Task goal: Starting at the line that contains "Les ROM à diodes" and stopping after the line that contains "Andelen intecknade tillgångar i de", transcribe the listing below exactly; do not include any pictures.

START Supplied entries

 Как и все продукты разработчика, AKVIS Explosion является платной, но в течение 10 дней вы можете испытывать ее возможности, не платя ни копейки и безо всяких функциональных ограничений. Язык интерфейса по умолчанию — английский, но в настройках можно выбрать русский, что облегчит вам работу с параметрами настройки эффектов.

END Supplied entries
START Supplied entries

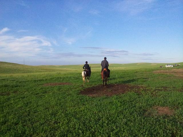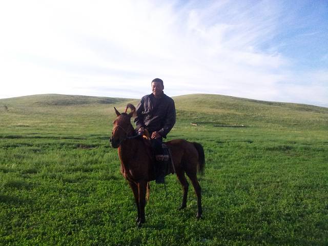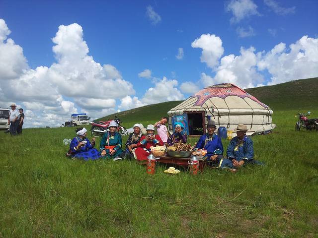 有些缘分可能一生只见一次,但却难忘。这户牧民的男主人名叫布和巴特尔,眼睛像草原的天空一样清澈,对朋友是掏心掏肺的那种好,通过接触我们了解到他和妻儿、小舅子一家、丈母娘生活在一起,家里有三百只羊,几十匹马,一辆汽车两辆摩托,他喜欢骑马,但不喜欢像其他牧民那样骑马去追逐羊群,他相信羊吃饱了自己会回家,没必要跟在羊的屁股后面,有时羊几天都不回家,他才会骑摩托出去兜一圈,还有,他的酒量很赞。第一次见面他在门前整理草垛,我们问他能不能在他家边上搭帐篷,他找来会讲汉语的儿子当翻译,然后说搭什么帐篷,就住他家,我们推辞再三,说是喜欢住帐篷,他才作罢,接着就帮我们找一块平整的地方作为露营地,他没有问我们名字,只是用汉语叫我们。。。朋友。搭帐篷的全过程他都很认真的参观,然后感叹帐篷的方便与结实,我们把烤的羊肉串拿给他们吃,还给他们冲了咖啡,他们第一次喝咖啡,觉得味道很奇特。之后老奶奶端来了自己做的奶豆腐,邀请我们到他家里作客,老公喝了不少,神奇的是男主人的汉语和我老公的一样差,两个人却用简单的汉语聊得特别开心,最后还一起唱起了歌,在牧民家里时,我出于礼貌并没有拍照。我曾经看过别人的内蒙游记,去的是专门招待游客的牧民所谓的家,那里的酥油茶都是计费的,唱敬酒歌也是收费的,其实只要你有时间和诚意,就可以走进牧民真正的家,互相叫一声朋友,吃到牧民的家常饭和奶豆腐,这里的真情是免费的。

END Supplied entries
START Supplied entries

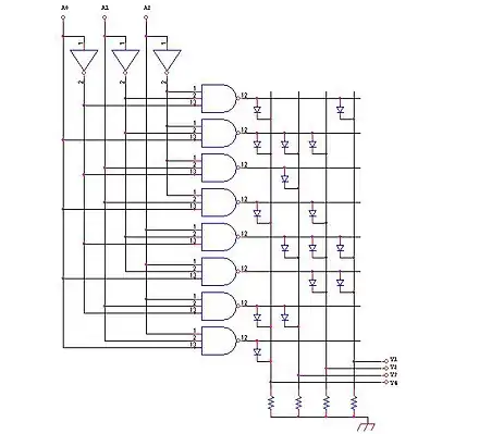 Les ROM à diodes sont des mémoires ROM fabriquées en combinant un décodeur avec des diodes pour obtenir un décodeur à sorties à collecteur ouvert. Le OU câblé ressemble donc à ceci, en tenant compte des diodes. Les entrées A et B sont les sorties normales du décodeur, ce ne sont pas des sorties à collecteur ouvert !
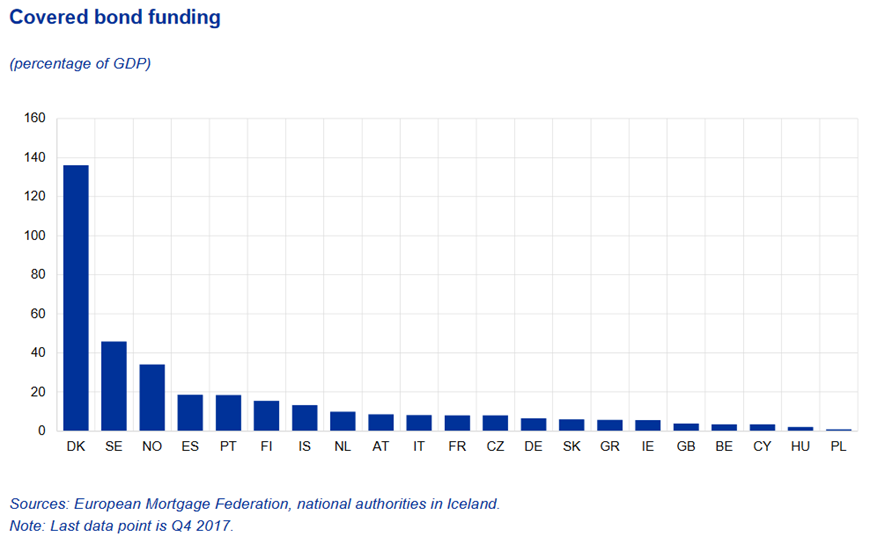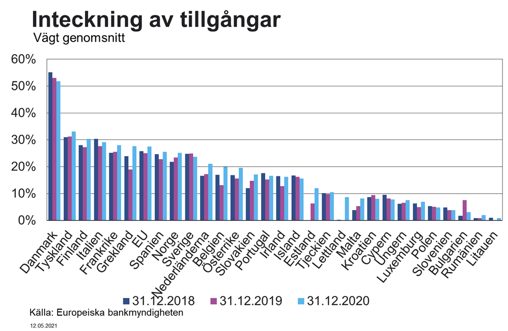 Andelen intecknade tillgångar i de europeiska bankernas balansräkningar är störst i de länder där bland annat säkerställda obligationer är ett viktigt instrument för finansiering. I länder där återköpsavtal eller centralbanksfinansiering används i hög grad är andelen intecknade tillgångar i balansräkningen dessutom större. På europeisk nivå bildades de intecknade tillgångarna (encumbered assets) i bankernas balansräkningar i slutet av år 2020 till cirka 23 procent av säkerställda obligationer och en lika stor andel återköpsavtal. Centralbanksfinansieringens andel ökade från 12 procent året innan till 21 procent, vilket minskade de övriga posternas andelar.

END Supplied entries

Result for this exercise:
 Les ROM à diodes sont des mémoires ROM fabriquées en combinant un décodeur avec des diodes pour obtenir un décodeur à sorties à collecteur ouvert. Le OU câblé ressemble donc à ceci, en tenant compte des diodes. Les entrées A et B sont les sorties normales du décodeur, ce ne sont pas des sorties à collecteur ouvert !
 Andelen intecknade tillgångar i de europeiska bankernas balansräkningar är störst i de länder där bland annat säkerställda obligationer är ett viktigt instrument för finansiering. I länder där återköpsavtal eller centralbanksfinansiering används i hög grad är andelen intecknade tillgångar i balansräkningen dessutom större. På europeisk nivå bildades de intecknade tillgångarna (encumbered assets) i bankernas balansräkningar i slutet av år 2020 till cirka 23 procent av säkerställda obligationer och en lika stor andel återköpsavtal. Centralbanksfinansieringens andel ökade från 12 procent året innan till 21 procent, vilket minskade de övriga posternas andelar.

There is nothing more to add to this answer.